*** Material to process Section Begins ***
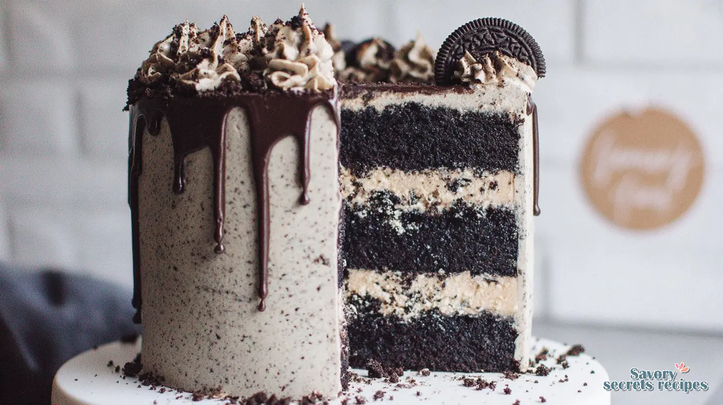 Ultimate Cookies and Cream Cake: Rich dark chocolate layers, creamy cookies & cream filling, Oreo buttercream, and a chocolate drip.
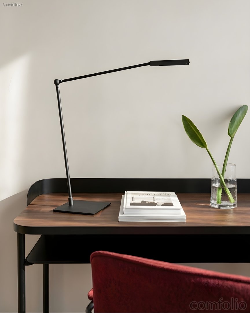 Чёрная настольная лампа «Уве» выполнена в лаконичном современном стиле и идеально подойдёт для рабочего стола, с интегрированным LED-источником света, который обеспечивает равномерное и комфортное освещение. Световой модуль встроен в вытянутый плафон, благодаря чему лампа выглядит минималистично и аккуратно. Конструкция лампы оснащена продуманным механизмом регулирования высоты: подвижные металлические рычаги соединены шарнирным узлом с фиксирующим винтом, который позволяет точно настроить высоту и угол наклона светильника. Благодаря этому свет легко направить именно в нужную точку, не меняя положение основания. Минимальная высота лампы составляет 50 см, что удобно для локального освещения рабочего стола, а общая высота конструкции в разложенном состоянии достигает примерно 92 см. Лампа отлично впишется в интерьеры в стиле минимализм, современный, скандинавский, лофт и хай-тек, а также аккуратно дополнит домашний кабинет, рабочую зону в спальне или гостиной.
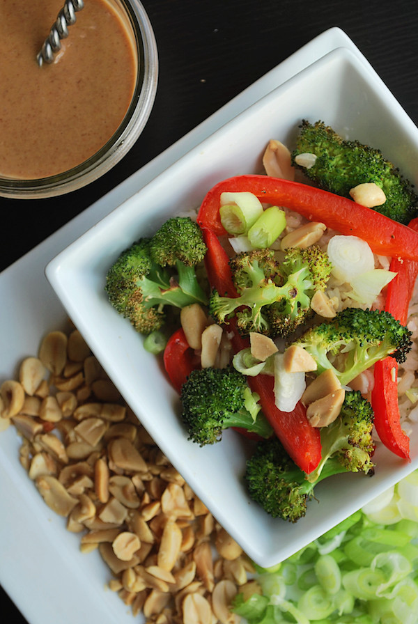 And honestly, the other ingredients are just here to facilitate a more civilized way of getting this homemade peanut sauce into your mouth. Yes, brown jasmine rice is delicious, and yes, roasted vegetables make my heart soar. But this sauce…
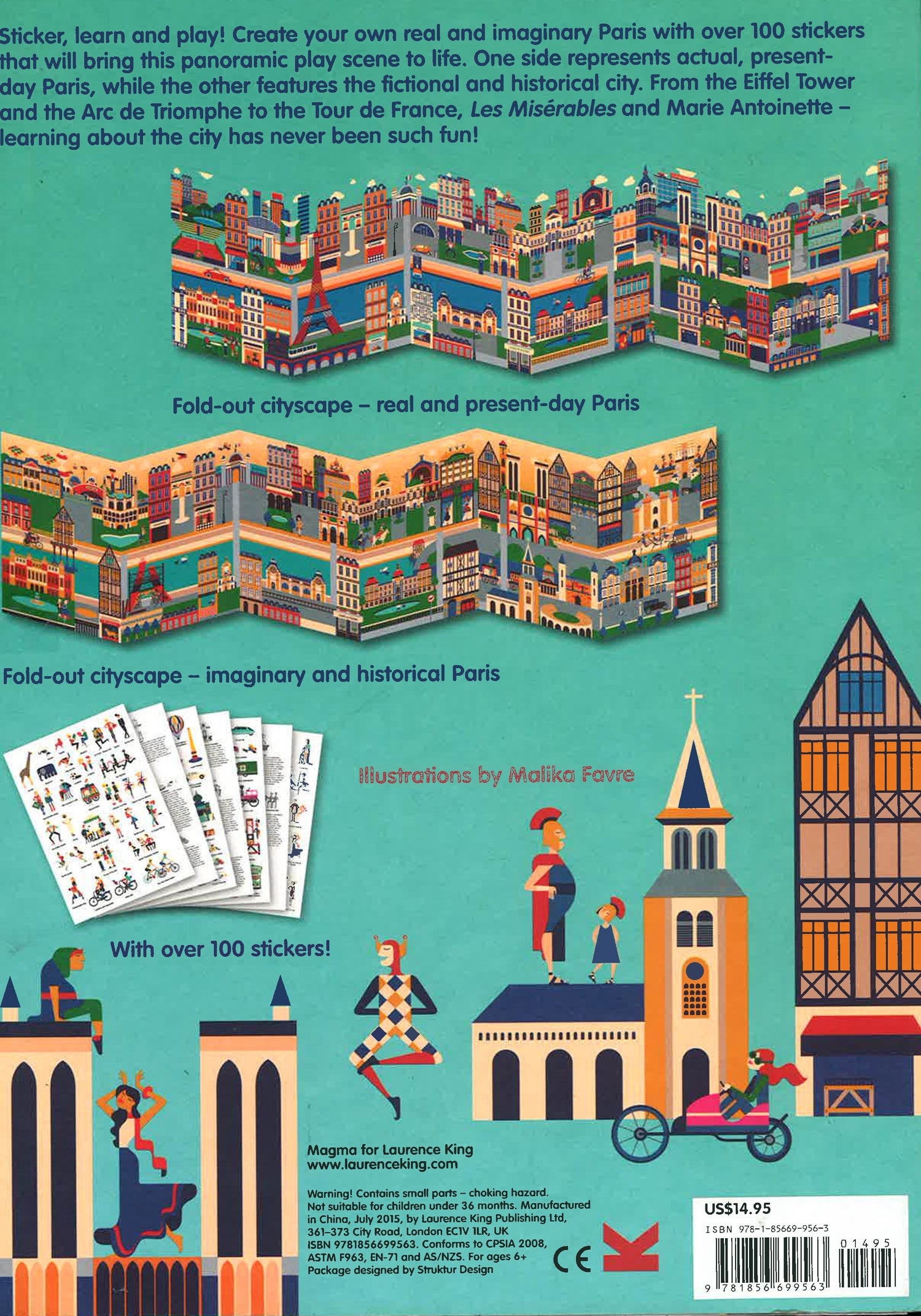 Sticker, learn and play! Create your own real and imaginary Paris with over 100 stickers that will bring this panoramic play scene to life. One side represents actual, present day Paris, while the other features the fiction al and historical city. From the iconic Louvre pyramid and the Eiffel Tower to the Three Musketeers and Napoleon learning about the city has never been such fun!
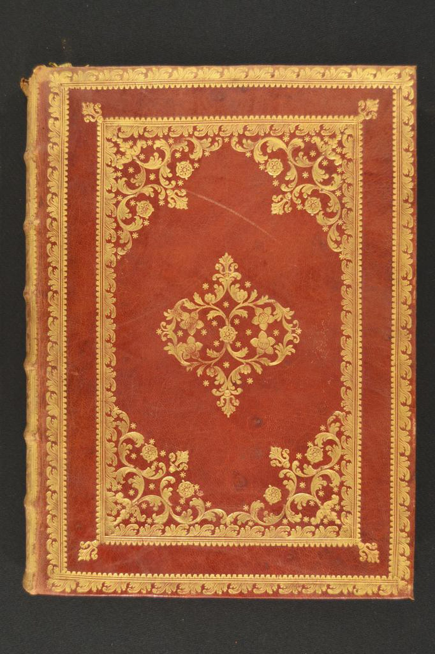 Cuoio di capra rosso su quadranti in cartone decorato in oro. Coppia di cornici concentriche caratterizzate da fogliami ondivaghi, monticelli. Corolla fogliata negli angoli esterni. Negli angoli interni dello specchio fronde mosse, rosette pentalobate e minute stelle eptalobate. Cartella centrale fitomorfa. Scompartimenti del dorso riquadrati. Nel secondo scompartimento, il titolo dell’opera; fogliame mosso negli angoli interni e corolla fogliata centrale in quelli residui. Capitelli muniti di anima circolare avvolta da fili in lino bianco e verde. Cucitura su cinque nervi rilevati. Indorsatura non osservabile. Rimbocchi rifilati senza particolare cura. Carte di guardia sbruffate rosa e bianche. Tagli dorati brillanti. Stato di conservazione: discreto. Spellature e bruniture al materiale di copertura dalla tonalità scolorita lungo il dorso, ivi parzialmente scomparso in testa. Angoli di piede sbrecciati.
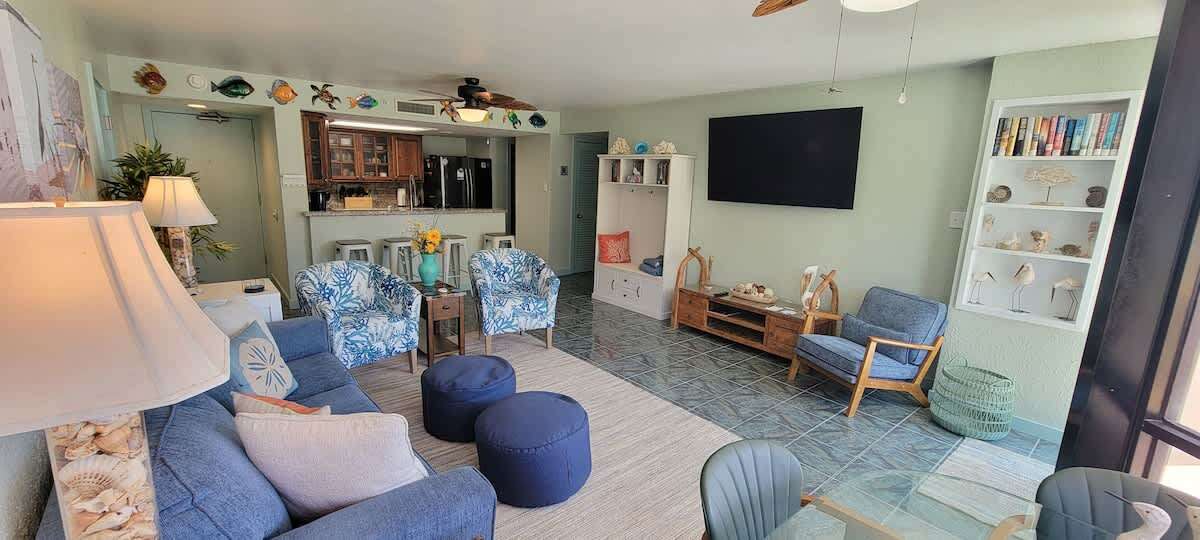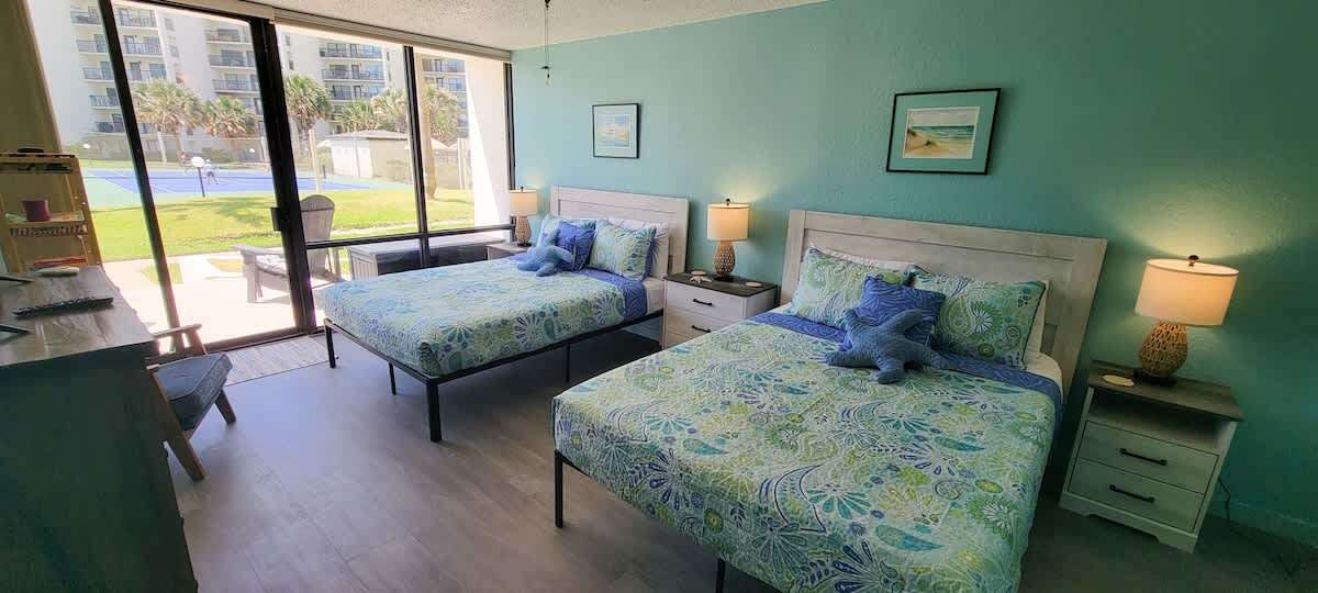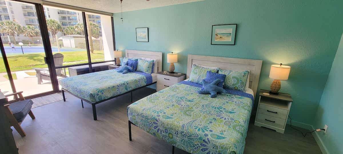 Off to the right of the main living space is the 2nd bedroom with 2 new queen beds and yet another full bathroom. There is a SMART flat screen TV to enjoy after the beach.
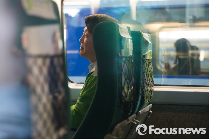 (서울=포커스뉴스) 4.13총선 사전투표 첫째날인 8일 오전 서울 용산구 서울역에서 안철수 국민의당 상임공동대표가 투표격려 캠페인을 위해 계단을 오르고 있다.
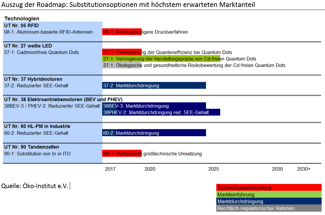 - Umwelttechnologien, für die bereits heute Substitutionsalternativen auf den Markt vorhanden sind und kritische Metalle substituiert werden. Hierunter fallen bleifreie Lote, Fahrzeug-Abgas-Katalysatoren, Elektroantriebsmotoren in vollelektrischen Pkw, Hochleistungs-Permanentmagnete in der Industrie, Dünnschicht-Solarzellen, Tandemzellen, Concentrated Solar Power (CSP)-Technologie und RFID.
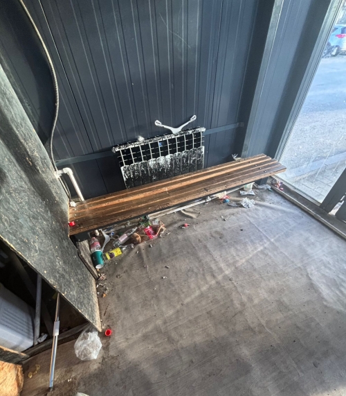 Люди выбрасывают мусор на остановке, двери сломаны. Там установлена камера — почему не применяются меры и не выписывают штрафы нарушителям? Кроме того, до сих пор не включили отопление — в морозы находиться на остановке невозможно. Сама остановка в крайне запущенном состоянии.
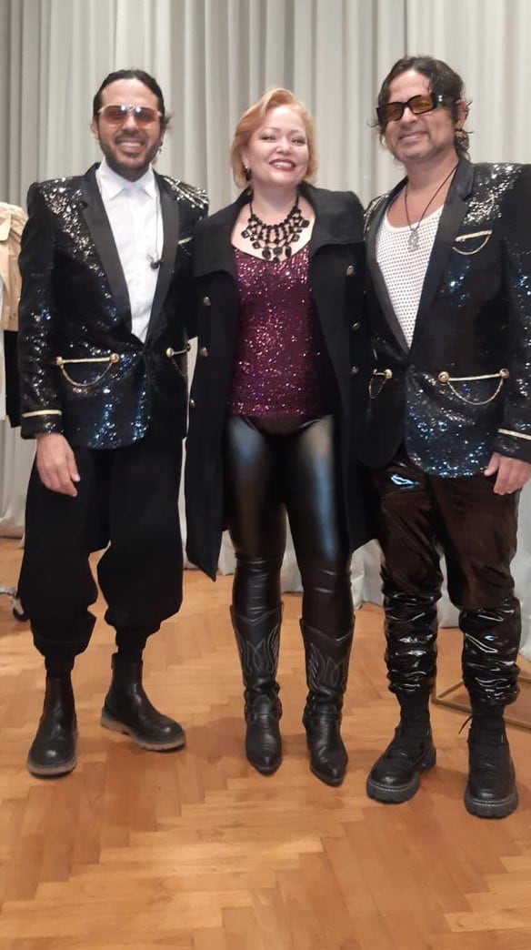 Se trata de la diseñadora Priscilla Delgado, la misma que en otras ocasiones ha vestido a Melissa Mora, la cual les llevó dos chaquetas negras a los cantantes y ellos decidieron usarlas en su presentación como muestra de agradecimiento.
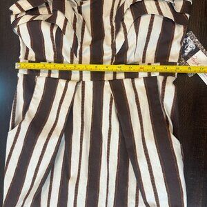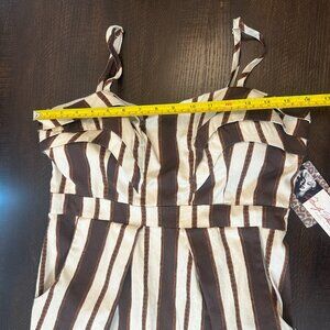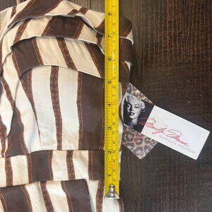 This Marilyn Monroe sleeveless dress is brand new with tags and in excellent condition, with no stains, no tears, and no visible wear. It features bold vertical brown and cream stripes, a fitted bodice with structured seams, adjustable shoulder straps, and a flattering pleated skirt that falls to a classic knee length. The dress is a women’s size Large and perfect for both casual outings and semi-formal occasions. Color may vary slightly based on lighting.
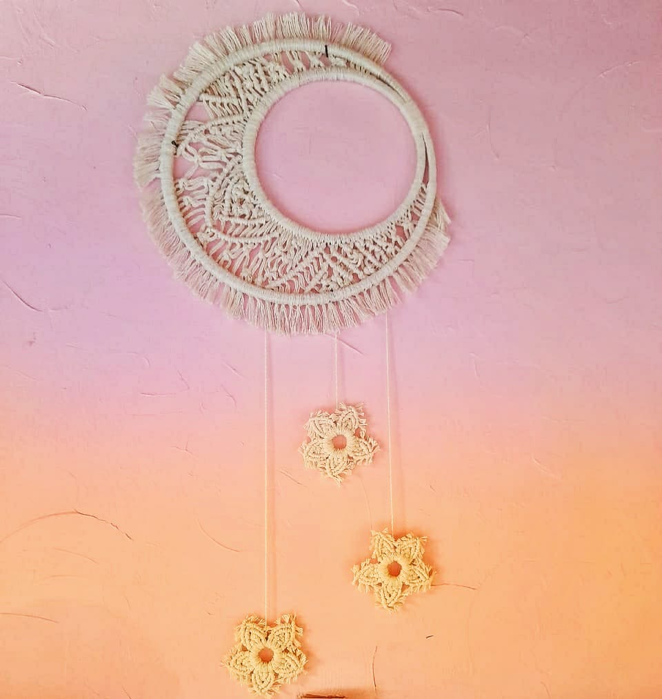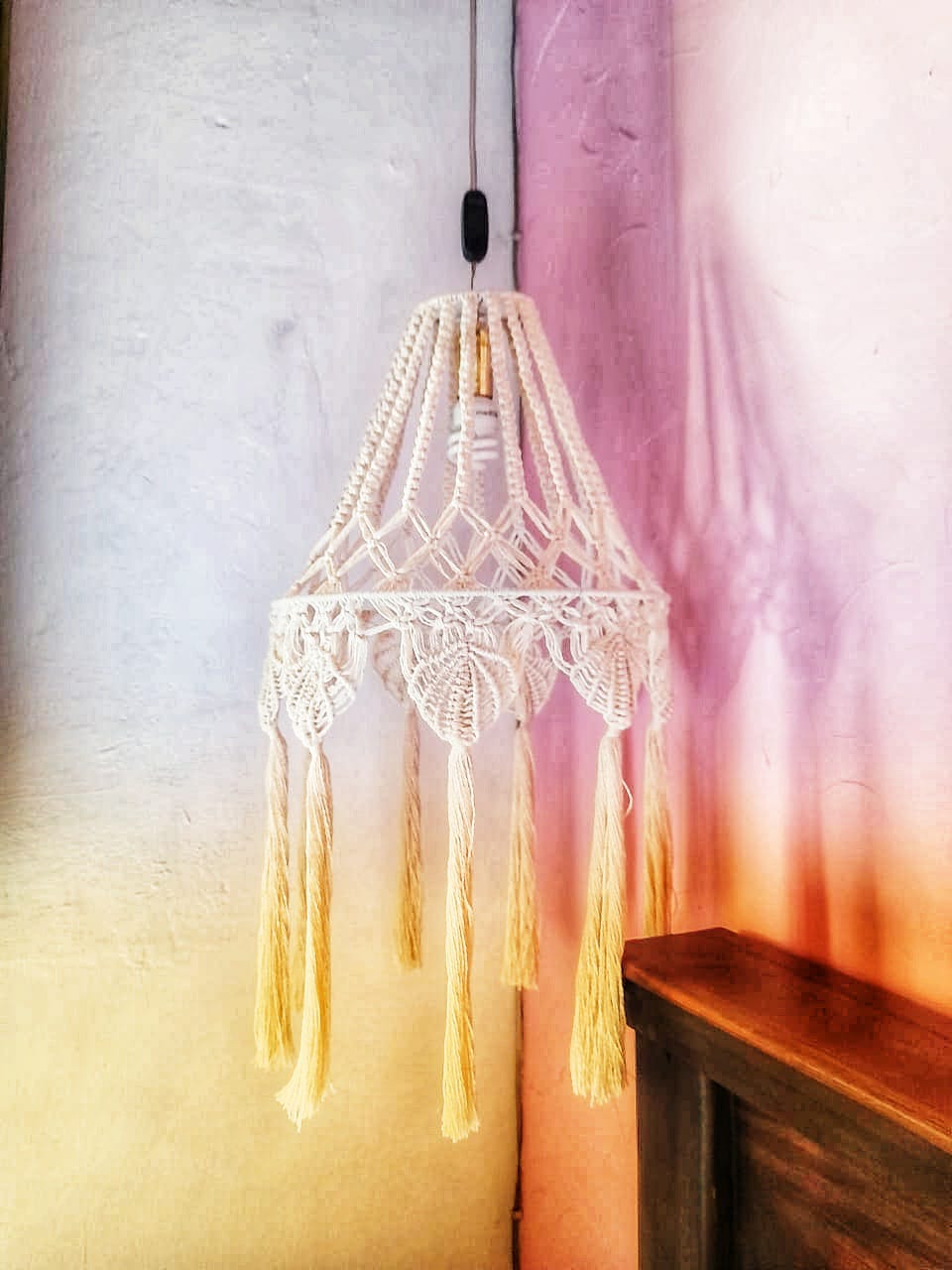 Habitación hecha especialmente para disfrutar en familia o amigos, en ella podrás encontrar hermosas piezas hechas con la complicada belleza de los nudos y figuras en macramé, iluminadas por la luz de la luna.
*** Material to process Section Ends ***
Work instructions: In the entries above, find the line containing "Off to the right" and the line containing "Se trata de", then copy both and every line between them exactly, without any picture.

Written answer:
 Off to the right of the main living space is the 2nd bedroom with 2 new queen beds and yet another full bathroom. There is a SMART flat screen TV to enjoy after the beach.
 (서울=포커스뉴스) 4.13총선 사전투표 첫째날인 8일 오전 서울 용산구 서울역에서 안철수 국민의당 상임공동대표가 투표격려 캠페인을 위해 계단을 오르고 있다.
 - Umwelttechnologien, für die bereits heute Substitutionsalternativen auf den Markt vorhanden sind und kritische Metalle substituiert werden. Hierunter fallen bleifreie Lote, Fahrzeug-Abgas-Katalysatoren, Elektroantriebsmotoren in vollelektrischen Pkw, Hochleistungs-Permanentmagnete in der Industrie, Dünnschicht-Solarzellen, Tandemzellen, Concentrated Solar Power (CSP)-Technologie und RFID.
 Люди выбрасывают мусор на остановке, двери сломаны. Там установлена камера — почему не применяются меры и не выписывают штрафы нарушителям? Кроме того, до сих пор не включили отопление — в морозы находиться на остановке невозможно. Сама остановка в крайне запущенном состоянии.
 Se trata de la diseñadora Priscilla Delgado, la misma que en otras ocasiones ha vestido a Melissa Mora, la cual les llevó dos chaquetas negras a los cantantes y ellos decidieron usarlas en su presentación como muestra de agradecimiento.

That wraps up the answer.